Possiamo ben cullarci nell’illusione di immortalità perché abbiamo scoperto il vaccino, perché l’abbiamo testato, perché l’abbiamo distribuito e iniettato, perché siamo diventati immuni, però se la maggioranza della popolazione non avrà accesso alla nostra stessa protezione il virus continuerà a circolare, mutando dopo ogni salto di ospite per meglio adattarsi, un processo che condurrà inevitabilmente alla generazione di un virus che si farà beffe del vaccino e della nostra supponenza.
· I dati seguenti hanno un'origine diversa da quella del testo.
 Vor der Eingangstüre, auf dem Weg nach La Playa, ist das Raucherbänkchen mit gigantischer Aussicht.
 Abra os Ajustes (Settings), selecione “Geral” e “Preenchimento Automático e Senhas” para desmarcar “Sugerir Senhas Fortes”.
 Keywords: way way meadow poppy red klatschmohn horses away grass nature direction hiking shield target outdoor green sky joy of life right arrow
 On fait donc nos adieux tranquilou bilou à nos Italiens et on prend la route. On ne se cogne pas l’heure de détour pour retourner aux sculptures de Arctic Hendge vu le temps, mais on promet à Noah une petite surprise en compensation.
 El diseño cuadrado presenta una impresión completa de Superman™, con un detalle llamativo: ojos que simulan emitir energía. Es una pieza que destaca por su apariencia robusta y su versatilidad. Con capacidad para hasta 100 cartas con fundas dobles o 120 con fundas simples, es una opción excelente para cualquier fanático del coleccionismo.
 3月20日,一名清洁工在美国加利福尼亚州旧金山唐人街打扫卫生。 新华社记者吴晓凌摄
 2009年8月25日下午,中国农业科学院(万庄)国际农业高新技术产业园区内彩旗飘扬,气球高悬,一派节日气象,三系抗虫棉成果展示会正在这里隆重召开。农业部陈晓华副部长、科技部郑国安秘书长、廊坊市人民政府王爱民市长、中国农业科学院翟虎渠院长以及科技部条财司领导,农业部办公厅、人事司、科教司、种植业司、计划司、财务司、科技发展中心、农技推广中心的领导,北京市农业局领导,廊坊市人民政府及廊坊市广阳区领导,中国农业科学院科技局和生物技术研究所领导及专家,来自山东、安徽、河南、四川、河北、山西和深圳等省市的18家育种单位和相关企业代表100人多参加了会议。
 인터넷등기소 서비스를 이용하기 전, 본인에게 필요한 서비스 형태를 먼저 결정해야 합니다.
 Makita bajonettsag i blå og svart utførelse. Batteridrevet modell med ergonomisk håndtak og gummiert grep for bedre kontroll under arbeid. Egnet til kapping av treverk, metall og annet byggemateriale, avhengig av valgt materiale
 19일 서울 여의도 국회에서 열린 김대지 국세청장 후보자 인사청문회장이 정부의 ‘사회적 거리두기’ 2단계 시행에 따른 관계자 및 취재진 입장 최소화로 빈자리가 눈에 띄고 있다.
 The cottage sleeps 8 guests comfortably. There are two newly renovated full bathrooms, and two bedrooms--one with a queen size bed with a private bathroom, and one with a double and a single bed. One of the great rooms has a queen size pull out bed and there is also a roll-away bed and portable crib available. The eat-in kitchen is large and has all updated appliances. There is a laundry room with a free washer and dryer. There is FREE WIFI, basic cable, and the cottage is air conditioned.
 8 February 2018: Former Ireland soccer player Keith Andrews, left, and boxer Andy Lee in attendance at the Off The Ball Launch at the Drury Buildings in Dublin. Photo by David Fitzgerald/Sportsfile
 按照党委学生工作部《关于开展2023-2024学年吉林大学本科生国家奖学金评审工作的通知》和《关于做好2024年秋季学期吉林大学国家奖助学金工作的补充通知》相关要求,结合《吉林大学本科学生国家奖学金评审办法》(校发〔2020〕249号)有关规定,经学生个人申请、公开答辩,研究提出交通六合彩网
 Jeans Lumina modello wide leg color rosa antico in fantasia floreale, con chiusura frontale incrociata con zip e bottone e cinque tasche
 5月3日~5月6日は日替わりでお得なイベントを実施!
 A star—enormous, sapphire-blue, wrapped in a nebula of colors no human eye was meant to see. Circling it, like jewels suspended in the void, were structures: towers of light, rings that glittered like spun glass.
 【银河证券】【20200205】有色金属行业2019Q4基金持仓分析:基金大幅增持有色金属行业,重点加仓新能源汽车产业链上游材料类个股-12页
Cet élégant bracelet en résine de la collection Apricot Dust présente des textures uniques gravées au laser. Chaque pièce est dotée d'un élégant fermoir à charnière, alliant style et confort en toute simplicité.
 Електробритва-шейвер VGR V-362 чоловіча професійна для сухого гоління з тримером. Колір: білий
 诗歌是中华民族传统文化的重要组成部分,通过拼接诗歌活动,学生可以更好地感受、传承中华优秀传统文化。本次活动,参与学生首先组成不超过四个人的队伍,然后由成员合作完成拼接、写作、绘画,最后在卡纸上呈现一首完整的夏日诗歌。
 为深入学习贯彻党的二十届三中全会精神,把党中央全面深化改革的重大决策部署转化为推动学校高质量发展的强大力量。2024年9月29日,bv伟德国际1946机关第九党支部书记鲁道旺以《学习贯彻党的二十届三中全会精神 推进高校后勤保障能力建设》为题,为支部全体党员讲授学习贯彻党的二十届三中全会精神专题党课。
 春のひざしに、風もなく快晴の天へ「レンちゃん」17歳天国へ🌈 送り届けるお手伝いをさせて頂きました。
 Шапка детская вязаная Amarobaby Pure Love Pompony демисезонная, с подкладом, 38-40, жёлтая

La soluzione è una sola e sta nelle nostre mani. Dobbiamo accollarci i costi della vaccinazione per tutti quei paesi che non possono permetterseli, dobbiamo imporla, e qualora dei farneticanti capopopolo ne impedissero la distribuzione si dovrebbe applicare nei confronti di quelle nazioni medievali un cordone sanitario, vietarne l’attraversamento dei confini, anche a costo di soffocare ogni ragionevole scrupolo umanitario, perché sappiamo bene che il medico pietoso fa la piaga cancrenosa.
Se sapremo dimostrare coesione e partecipazione salveremo le popolazioni meno fortunate. Dobbiamo farlo, poiché solamente aiutando quelle salveremo anche noi stessi.